Piper is pretty much with us all day- except for naps in her crate and at night. She gets at least 4 training sessions per day- if not more. She knows Sit- Stay- Lay Down- Down and Off- Leave it- Shake-Touch-Come- Release and Wait to go outside or come inside and for her food. She doesn't do them 100 percent of the time-but she is only 3 months old. She gets 2 walks a day, plus lots and lots of ball fetching in our yard or basement. I would take her on more walks but she really is listening to every sound and wants to eat everything she sees and have any one or any dog she sees- say hello to her. She does seem to be frightened/excited/curious sometimes by dogs barking or loud trucks. I have tried picking her up and letting her know it okay or getting down to her level or bringing treats to keep the walks moving a bit more. But within the last few days- she has been getting very bitey and attacks myself or my Husband on our walks. 
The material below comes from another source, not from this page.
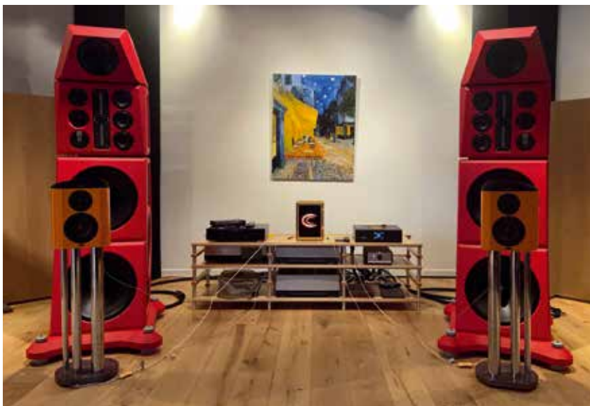
TWEE A-BRANDS BIJ ELKAAR IN ÉÉN LUISTERRUIMTE IN HET GELDERS ELST: DE REUSACHTIGE SILTECH SYMPHONIE EN DAARVOOR EEN SET CRYSTAL CABLE ARABESQUE MINISSIMO LUIDSPREKERS, VERBONDEN MET DE MONET SPEAKERKABELSET. DE ARABESQUES ZORGDEN IN DEZE OPSTELLING VOOR EEN AUDIOFIELE VERRASSING.

Tijdens het luisteren naar de Arabesques was ik eerlijk gezegd wel wat geïmponeerd door de set roodkleurige Siltech Symphonie luidsprekers, die in dezelfde ruimte stonden opgesteld. Groter dan manshoog en rond de € 380.000 per paar. Het riep bij mij het beeld op van een bezielend bedrijf, dat kiest voor de hoogste normen en waarden in de audioindustrie en met de missie van voortdurende, tijdrovende evolutie. Veel, heel veel research, uitproberen, testen. Alles zelf maken. En dan

We thought she was making good strides- but this week we seem to have hit a wall.
We are always second guessing ourselves- is she not getting enough exercise or too much exercise for a little pup- If we keep her up for more then 1 1/2 to 2 hours at a time- she goes into to Shark Mode and then it is hard to settle her down. She usually takes 2 (1 hour naps) and 1 (1 1/2 to 2 hour nap)- is that not enough sleep for a 3 month old dog? 

She has also been trying to bite at as when we have told her to get OFF our beds and couches. She has her crate and 2 other dogs bed that belong to her. We had a 10 minute long stand off about who the couch belongs to. She will finally give up and submit- but not tell it almost seems like she has tried to attack you.

We don't want our little girl to get bite by her own dog She is never left alone with Piper- but when Piper gets in to a mood- it is hard to say what will happen. 

We have not gone to puppy classes yet- been just working on things at home and reading and listening to a ton a dog training books and videos. 

We don't want Piper to get worse or stay like she has been the last few days. 

Does anyone have a Vizsla Human Trainer that they have used or know of in the Seattle area??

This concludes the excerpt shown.